There are no qualms about fairness in this election. The results of the advance voting (by diplomats and seafarers) have already been released in the national media. Unsurprisingly, the ruling SWAPO party has a huge lead in the votes, as it always does.
Instead of keeping the advance votes confidential until the end of voting day, the government happily released the early numbers, and the ruling party then exploited those results in its campaigning.
“You must support the winner,” a SWAPO vice-president told a campaign rally a few days ago, citing the early results. “Do not waste your vote on losers.”
The release of the advance votes is yet another state-assisted advantage for SWAPO, the former liberation movement that has won landslide victories in every election since Namibia’s independence in 1990.
Television coverage is slanted heavily in favor of SWAPO. The main national broadcaster, the Namibian Broadcasting Corp., gave an overwhelming 82 per cent of its political news coverage to SWAPO in the first week of this month, according to an independent survey.
The next highest party was given a meagre 4 per cent of the television coverage, while the main opposition party got no coverage at all.
The opposition fared no better on the streets. When a small group of activists from the biggest opposition party tried to visit voters in a northern town this month, they were surrounded by 200 ruling-party supporters, including three hammer-wielding men. The opposition members were threatened with violence for entering the town “without a mandate.”
The election in Namibia this week, like most other African elections, is a foregone conclusion. Opposition parties do exist, but they don’t stand a chance.

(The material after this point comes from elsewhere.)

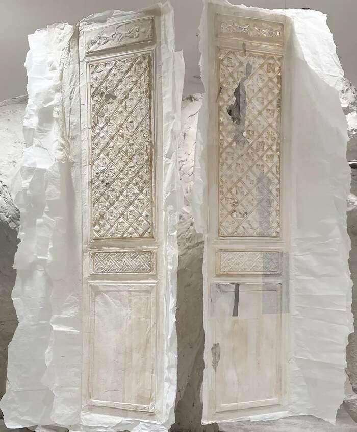 林延,《北京门道#1 & #2》,2021,手工宣纸,222×94 & 222x114cm (图片由艺术家提供)

With a few honorable exceptions (Ghana among them), this is still the normal situation in most African countries. The advantages of incumbency are massive. Ruling parties tend to stay in power, year after year, even decade after decade.
Sometimes, in conversations with Africans, I make an analogy between democracy and mobile phones. If you travel anywhere in Africa, the best cellphone service is provided in countries where there is lively competition among several private mobile phone companies. The worst is in countries where a state-owned company has a monopoly on cellphone services, or where there is weak competition between two companies.
Democracy is the same. Just like mobile phone consumers, African voters get better service from their government when there is vibrant competition among several strong parties, with power rotating fairly from party to party. Unfortunately it’s still a rare phenomenon, but perhaps it will change when Africans demand the same level of service from their governments that they expect from their mobile phone companies.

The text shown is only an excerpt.